Registration is via the ANZSA website, and is now open. Early registration fees (including postgraduate student concessions) are payable until 31 March 2010.

Plenaries
Lynn Enterline, Professor of English, Vanderbilt University, will speak on ‘Rhetoric, Violence, and Emotion in Shakespeare's Schoolroom’, from her forthcoming book, Shakespeare’s Schoolroom: Rhetoric, Discipline, and Emotion. Prof. Enterline’s publications include The Tears of Narcissus: Melancholia and Masculinity in Early Modern Writing and The Rhetoric of the Body from Ovid to Shakespeare.

Gordon McMullan, Professor of English, King’s College London, will speak on ten years of the MA in Shakespeare Studies, a unique collaboration with London’s Shakespeare’s Globe theatre. Prof. McMullan’s recent books include Shakespeare and the Idea of Late Writing: Authorship in the Proximity of Death, and Reading the Medieval in Early Modern England (co-edited with David Matthews).

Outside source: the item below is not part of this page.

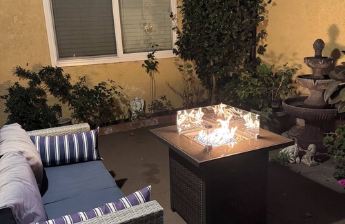 Fabulous studio/suite with private entrance with plush comfortable queen size bed, large bathroom, 42" TV, high speed internet WIFI. Small kitchenette, small refrigerator with freezer, microwave, air fryer. Fully equipped with dishes, coffee maker, coffee and tea provided. Beautiful private patio with fire pit/BBQ for your enjoyment and relaxation. Studio is attached to the main house, has a wall in between and has a separate entrance. We use the garage for our entrance so you have your privacy. Washer and dryer available. Quiet, family friendly neighborhood. Only 5 minutes drive to downtown Santa Barbara, less than a mile to Montecito.

Evelyn Tribble, Professor of English, University of Otago, will speak on her current research on the distributed cognitive properties of workplace settings in the Early Modern theatre; her talk examines the variety of strategies used within the plays for employing and enskilling boys. Prof. Tribble’s publications include Margins and Marginality: The Printed Page in Early Modern England, and Writing Material: Readings from Plato to the Digital Age (with Anne Trubek).

Venue
The conference will take place on the main campus of the University of Sydney, with a proposed half-day at Barker College focusing on Shakespeare in schools. Accommodation options will be listed on the website when registration opens.

Sponsors
The School of Letters, Art and Media, Faculty of Arts, University of Sydney.
The Australian Research Council and Barker College.
The conference is an outcome of funded project ‘Shakespeare Reloaded’, a Linkage Grant between the University of Sydney and Barker College, Hornsby, Sydney.